1. What happens when the setValue method of the NumberDisplay class is called with an illegal value (i.e., a number which doesn’t represent a valid hour or second)? Using the debugger, covered in the previous lab, you can set a breakpoint in the setValue method and step through it, to see in more detail what is happening. (Note that the step into button in the debugger will, as it says, “step into” the code of methods that are called – you will probably want to use that insted of step.)
   Is the solution adopted a good one? Can you think of a better solution?

2. In the code for the setValue method, what would happen if you replaced the “>=” operator in the test with “>” so that it reads:

   if((replacementValue > 0) && (replacementValue < limit))

3. What would happen if you replaced the && operator in the test with ││ so that it reads:

   if((replacementValue >= 0) ││ (replacementValue < limit))

4. Create a new ClockDisplay object by selecting the constructor which takes no parameters. Call its getTime method to find out the initial time the clock has been set to. Can you work out why it starts at that particular time? (Look at the code, and use the debugger if you need to.)
5. Look at the second constructor in ClockDisplay’s source code. Try to work out what it does and how it does it.

6. Identify the similarities and differences between the two constructors. Why is there no call to updateDisplay in the second constructor, for instance?

Task 2

1. In the Code Pad, experiment with the modulus operator (%). Try typing the expression (8 % 3) into the Code Pad – what does it evaluate to?
   What happens if you use different numbers? What happens if the first number is zero, or negative?

2. Suppose we have an integer variable n. Consider the expression (n % 5); what possible results can this evaluate to? (Hopefully you should be able to work this out yourself – but use the Code Pad if you need to.)

3. Open up the code for the NumberDisplay class, and take a look at the increment method. See if you can explain how it works. Then, see if you can rewrite the method without using the modulus operator.

Task 3

Test the NumberDisplay class by creating several NumberDisplay objects and calling their methods.

1. Does the getDisplayValue method work correctly in all circumstances? What assumptions are made within it? What happens if you create a number display with limit 800, for instance?

2. How many times would you need to call the timeTick method on a newly created ClockDisplay object to make its time reach 01:00? How else could you make it display that time?
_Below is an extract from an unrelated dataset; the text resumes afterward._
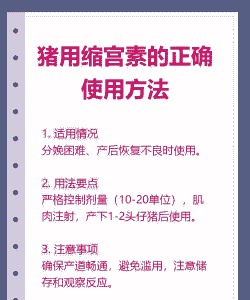 需要注意的是,缩宫素的使用应在合适的情况下进行,避免滥用。不当使用缩宫素可能导致母猪难产程度增加、产后感染风险加大、厌食、便秘和无乳等问题。因此,在使用缩宫素时,应严格按照医嘱和药物使用说明进行操作。

3. Create a NumberDisplay object with limit 80 in the Code Pad by typing:

   NumberDisplay nd = new NumberDisplay(80);

   Then call its getValue, setValue, and increment methods in the Code Pad. You can do this by using the dot operator on the nd variable you have created – e.g., by typing:

   nd.getValue()

   Note that statements (mutators) need a semicolon at the end, while expressions (accessors) do not.

Task 4

Right-click on the TestNumberDisplay class, and select “Test All”. A “Test Results” window should open up, showing a number of tests the NumberDisplay class has passed. You can also right-click on TestNumberDisplay and run individual tests.

Take a look at the code inside the TestNumberDisplayClass: each test is made up of one method.

1. In the NumberDisplay class, edit the code for the constructor – replace

   value = 0;

   with

   value = 10;

   Re-compile, and run the tests using “Test All” again. Are the results what you expect? Then change the code back and re-run.

2. In the TestNumberDisplay class, look at the code for the testSetValue method. Considering the observations you made in Task 1, step 1, do you think this method adequately tests the behaviour of the NumberDisplay class? Can you think of a way to improve the test?